After the success of our previous seminars, we are pleased to announce the fourth and last seminar for 2017. This time the talk will be focused on haematology and more specifically on the diagnostic approach to anaemia in cats.

Title: This cat is anaemic, what now? Diagnostic approach to anaemia in the cat.
 
Date: Tuesday 3rd October 2017
 
Speaker: Francesco Cian (DVM DipECVCP FRCPath MRCVS) 
 
 
Program:
19:30-20:00 - Light refreshment 
20:00-21:30 – Seminar
 
To book your space send us an email to admin@battlab.com
 
These seminars can be used as annual CPD hours.
 
More seminars will follow in 2018. Stay tuned.
 
 
2017 ESVCP ANNUAL CONGRESS
 
Batt Laboratories will be one of the main sponsors of the upcoming annual internation congress of the European Society of Veterinary Clinical Pathology (ESVCP) which this year will take place in London from the 6th to thr 9th of September. The ESVCP is a European scientific organization dedicated to the promotion of scientific advancement, education, and standards in veterinary laboratory medicine and is considered the excellence in veterinary clinical pathology.

Our veterinary clinical pathologist, Francesco Cian, will also give a lecture on the Saturday about cytology of the lower respiratory tract in horses.
 
 
FREQUENTLY ASKED QUESTIONS ABOUT ….
 
This month FAQ section is dedicated to Tickborne Diseases in dogs
 
Which are the most common infectious diseases that can be transmitted from ticks to dogs?
Anaplasmosis, ehrlichiosis, babesiosis and borreliosis (Lyme disease) are four of the most common tick-borne diseases commonly diagnosed in dogs and often cause of important clinical signs.

With any of these diseases, co-infections with more than one type of tick-borne organism is possible, potentially altering the signs of illness in the affected patient.
 
Which clinical signs and haematologic changes these diseases can cause in dogs?
Clinical signs differ according to the infectious agents.

In case of infection by Anaplasma spp. or Ehrlichia spp. affected animals usually develop fever, lethargy, myalgia and in most severe cases bleeding disorders. The last are secondary to a severe thrombocytopenia that often accompany these infections, especially the ones from Ehrlichia canis.

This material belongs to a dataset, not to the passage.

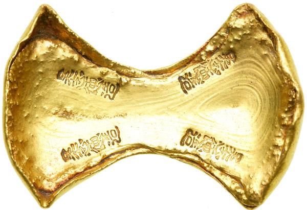 China. Gold 5 Taels Sycee, ND. 185 grams. Yuan Dynasty, 1271-1368. With four stamps. Extremely Fine.

Babesia spp. is often cause of fever, jaundice and anaemia that, if severe and left untreated, can also lead to death. Anaemia is often regenerative and is due to a combination of mechanic rupture of red blood cells (haemolysis) and immune mediated response with production of autoantibodies (IMHA). Thrombocytopenia is also frequently encountered and may be immune mediated.

There are no real characteristic haematology or serum biochemistry changes in Borrelia burgdorferi infection but a mild thrombocytopenia may be present.
 
Which tests can be useful to diagnose these conditions?
Sometimes, Ehrlichia, Anaplasma and Babesia can be identified on blood smear examination but they are often hard to spot. Babesia appear as pear shaped structures within the red blood cells (see picture below). Ehrlichia canis and Anaplasma phagocytophilum tends to arrange in structures called morulae that can be observed within circulating monocytes and neutrophils respectively.
 
 
There are other tests that offer higher sensitivity and these include serology (IFA, ELISA) and PCR.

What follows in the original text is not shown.